Напротив, в «Приюте дружбы», включили электропроигрыватель – как всегда, оперетту тридцатых годов. Фрей спустилась вниз по ступенькам и перешла на другую сторону улицы. Музыка смолкла.
– Что же теперь делать нам? – прошептала Пибоди. – Их кресла-качалки заберут? Можно ли поменять места, или пусть будет более просторно на веранде? И подобает ли идти на весенний бал вскоре после их смерти?

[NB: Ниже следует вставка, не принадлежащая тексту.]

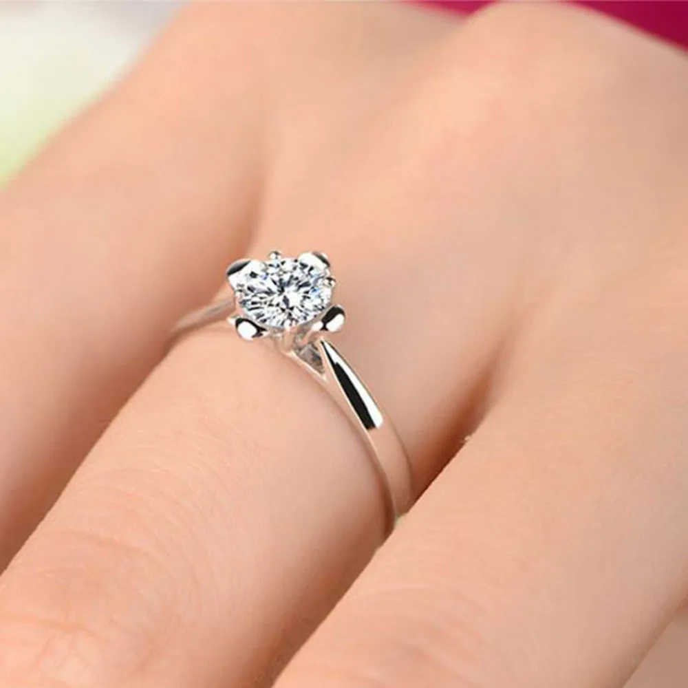 2018 Bfq High End Fashion Simulation Diamond Ring Silver Hand Ornament Women S Round Shape Weddings Rings Wholesale
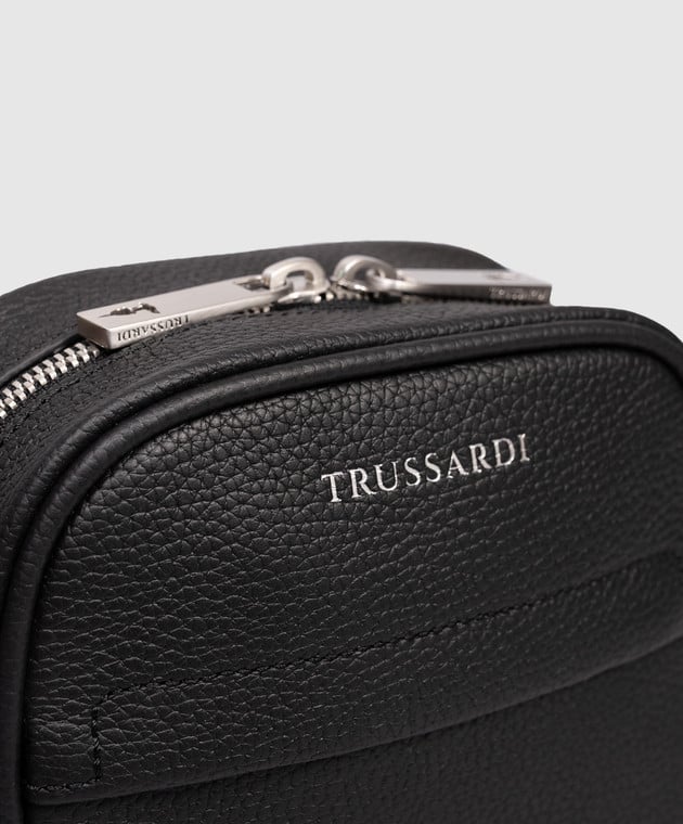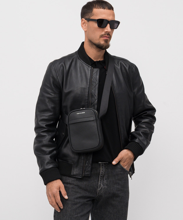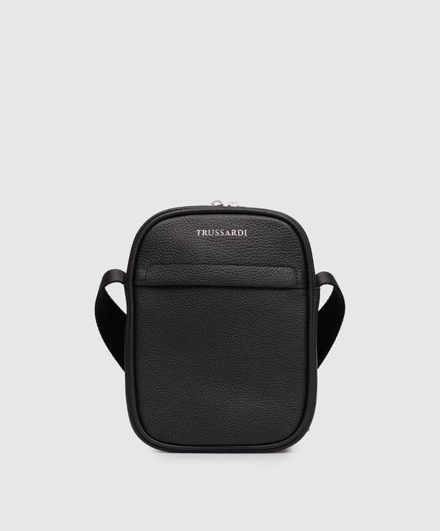 Черная кожаная сумка кросс-боди с принтом логотипа

Ханна Хиггинс ответила, что кресел-качалок, что бы ни случилось, всегда предостаточно и это большое утешение.
А вообще-то, Эвелин не следует заранее бояться, ибо в Писании сказано, что каждому дню достаточно собственной, выпавшей на его долю муки.

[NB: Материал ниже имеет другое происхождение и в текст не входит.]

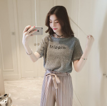 新款2017韩版个性字母刺绣亮丝T恤女短袖圆领宽松打底衫韩国上衣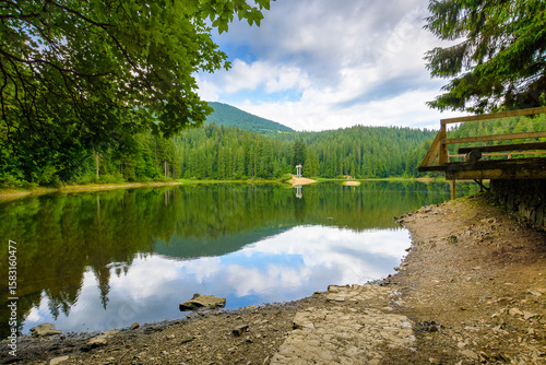 © Pellinni, Fototapeta premium remote mountain landscape with forest lake in summer. travel nature background of synevyr national park on a sunny day. scenic view of coniferous trees reflection in water. vacation season in ukraine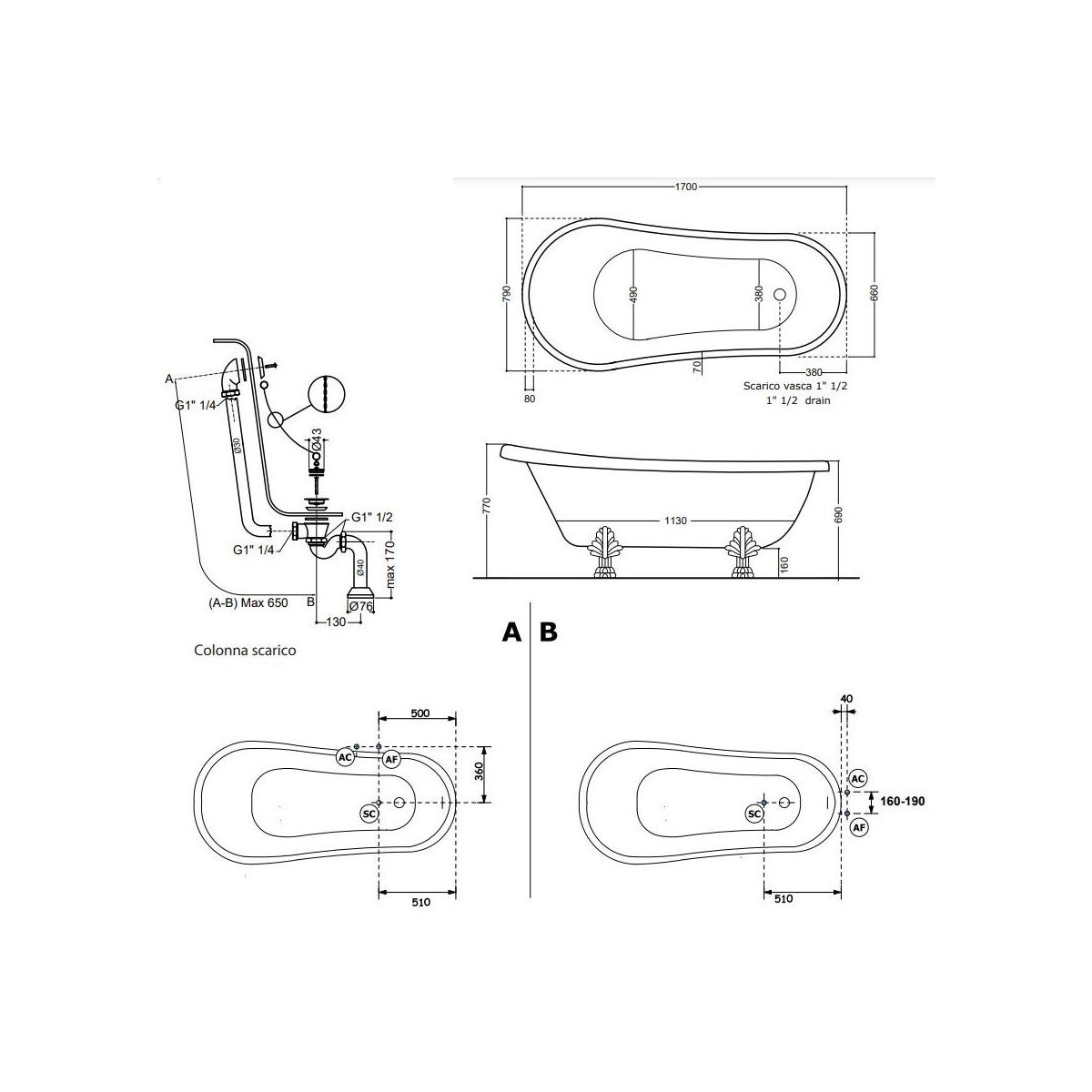 Kerasan Retro volně stojící vana 170x77 cm oválná bílá 105501

В тот вечер, когда Джо пришел в комнату Линды и у алтаря, сработанного Джо, зажглась лампада, он тотчас увидел, что Линда выкрасила Мадонну в черный цвет – выкрасила все ее одеяние, да и головной убор тоже.
Линда сказала, что это лак для окраски велосипеда и что дал его ей Юхансон.
– Но зачем? – спросил Джо. – Зачем ей быть черной? Это неразумно, это ни на что не похоже! Неужто из-за смерти стареньких фрёкен?
– Нет, – ответила Линда. – Похороны – белые. Похороны всегда белые.
А она выкрасила в черный цвет Мадонну из-за того, что у нее такое ощущение, абсолютно для самой себя. Раздеваясь, она складывала каждую вещицу на стул, но платье осторожно повесила на спинку кровати.
– Ты всегда в черном, – сказал Джо и, хотя этого ему не хотелось, снова начал думать о матери Линды, о ее маме, что всегда находилась поблизости, о маме, что всегда носила черные платья, – там, в Мексике, все помешались на этом цвете. Материн рот, должно быть, похож на черточку, тесно сжатый рот, такой, каким он становится, когда слишком долго глотаешь слезы и лишь тайком делаешь то, что хочется. Невероятная мученица эта мама Линды!
– А ты не разденешься? – спросила Линда.
Черное! Они словно сошли с ума от черного! Она могла бы явиться к нему в одежде красивых тонов, их так много – алый и желтый, розовый и светло-зеленый, и все другие цвета – такие соблазнительные, что заставляют птичек любить друг друга. Но по мере того как время шло, он привык к черному, и тот стал для него цветом страстного желания. Он страстно желал Линду в черном.
Он сказал:
– Это я заставил гореть лампаду.
– Ты не ляжешь? – спросила Линда.
– А для кого горит лампада? Для Мадонны, или для нас, или для твоей мамы?
– Для всех вместе! – ответила Линда. – Погоди немного, и все будет хорошо!
Улыбаясь, она смотрела куда-то мимо него, далеко-далеко, а глаза ее походили на глаза ангелов и гетер.
Баунти-Джо бросился на кровать рядом с ней и почти прошептал:
– Иисус любит тебя!
– Ясное дело, – ответила, серьезно кивая, Линда. – Он любит меня наверняка!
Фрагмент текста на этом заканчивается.